How to Make Roth IRA Contributions When You Have Student Loans

You might have heard that contributing to a Roth IRA is an excellent way to earn tax-free income in retirement. That’s very true, but for student loan borrowers, particularly married ones, it’s much harder to contribute to a Roth IRA directly. 

We’ll show how to easily contribute to a Roth IRA as a student loan borrower, and we’ll explain what to watch out for.

Roth IRA contributions have AGI limits

For 2025, to contribute directly to a Roth IRA, an individual must have a Modified Adjusted Gross Income (MAGI) less than $150,000, or $236,000 if filing jointly.

Many professional degree holders will earn more than that.

If you incorrectly contribute when you’re not eligible, the IRS charges a 6% annual excise tax on the overcontribution until it’s removed.

Now let’s explore why student loan borrowers often have trouble making direct contributions.


Married filing separately Roth AGI limit is incredibly low

For married borrowers filing taxes separately due to their student loans, the income limit to contribute directly to a Roth IRA is only $10,000. 

What often happens is that a married borrower makes a Roth IRA contribution and then files his taxes separately to lower his IDR payment, only to realize that he was not actually eligible to contribute to the Roth IRA in the first place.

That creates a need to recharacterize the Roth contribution as an after-tax Traditional IRA contribution, which is a pain.

Here’s how to correctly contribute to a Roth IRA as a student loan borrower for the first time.

Steps for contributing to a Roth IRA as a student loan borrower 

Here’s a short list of steps to follow to make sure your Roth contribution is allowed:

  1. If possible, roll over all pretax IRA accounts to a qualified 401(k) or 403(b) plan to avoid pro-rata taxation.

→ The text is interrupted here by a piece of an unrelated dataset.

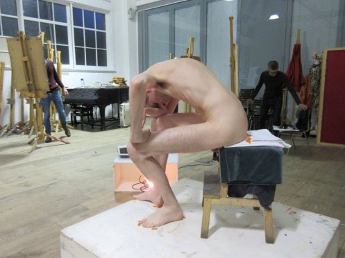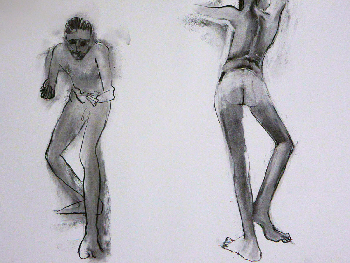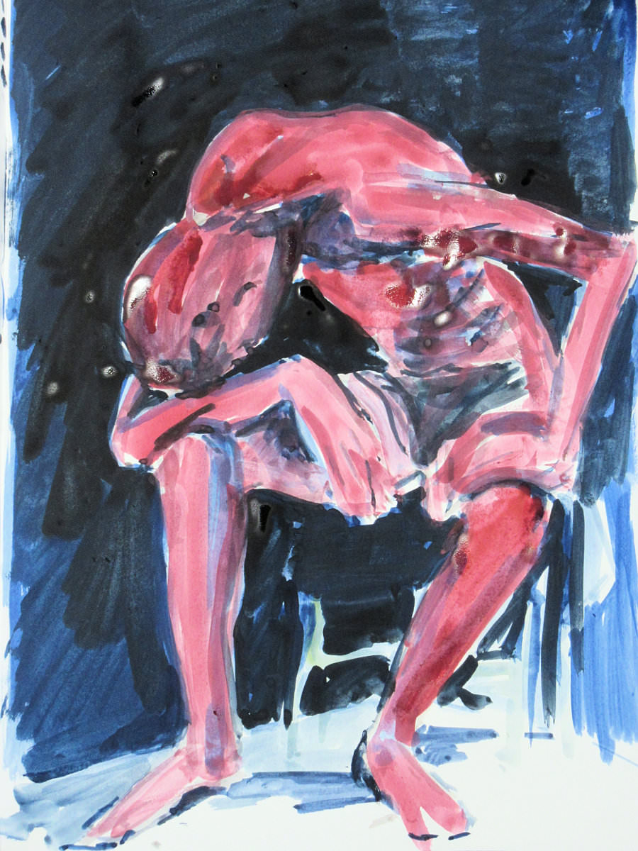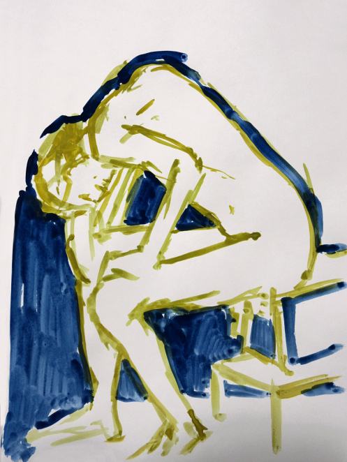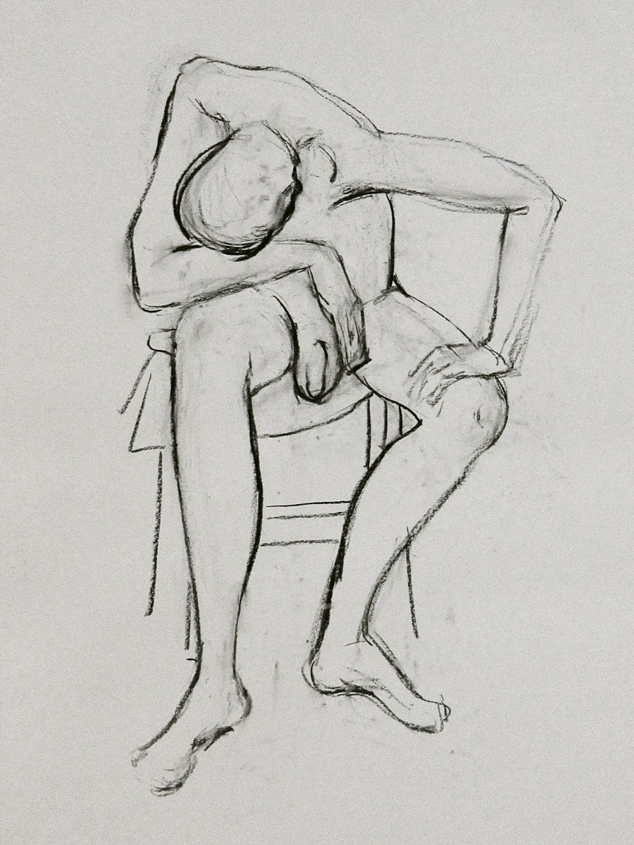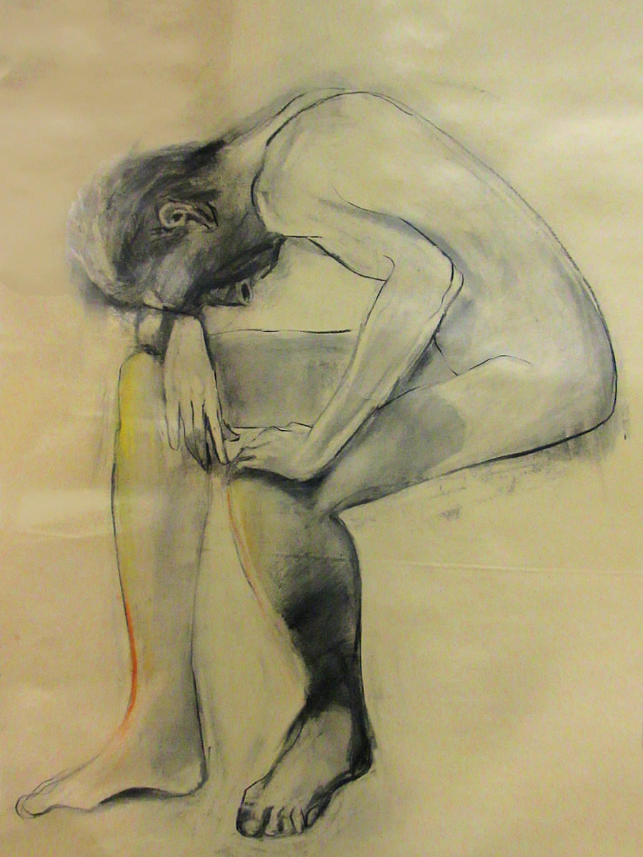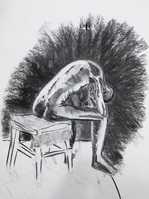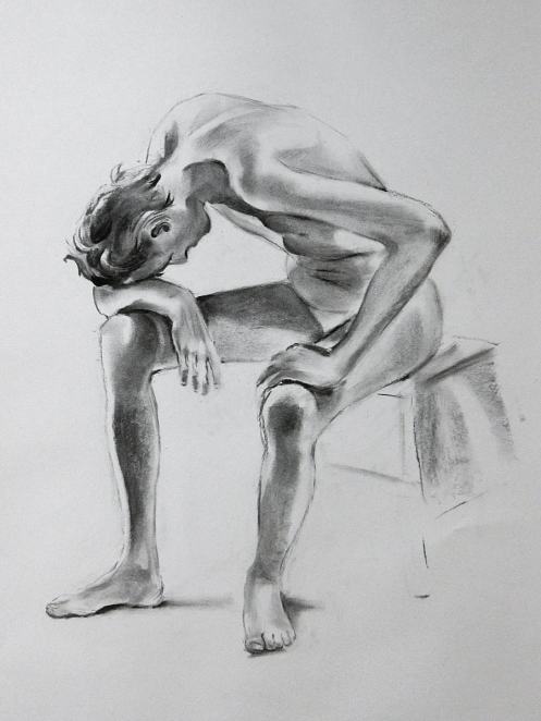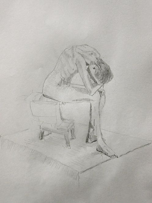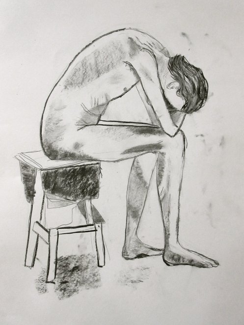 Before we started, while artists were still arriving, Victoria demonstrated the long pose she wanted me to attempt: sitting down, leaning forward, with one forearm across one leg and my forehead resting upon the arm. Appropriately, it was to represent ‘despair‘. Cometh the hour, I sat on wooden steps and fidgeted to find a sustainable attitude yet couldn’t quite make it satisfactory. Time was pressing, however, so I settled in haste.

This is helpful to avoid extra work at tax time and to keep things clean.
  2. Contribute to a Traditional IRA account and immediately convert the full contribution to a Roth IRA account. Since your funds were in the Traditional IRA account for a short time, you should have earned very little in interest, and there should be almost no tax consequence to this.
  3. You’ve now completed the Backdoor Roth IRA contribution! Now, you simply need to invest the money according to your long-term financial goals.

Should you contribute to Roth first or pretax accounts?

Generally, it’s a much better idea to contribute to pretax accounts as a student loan borrower pursuing forgiveness.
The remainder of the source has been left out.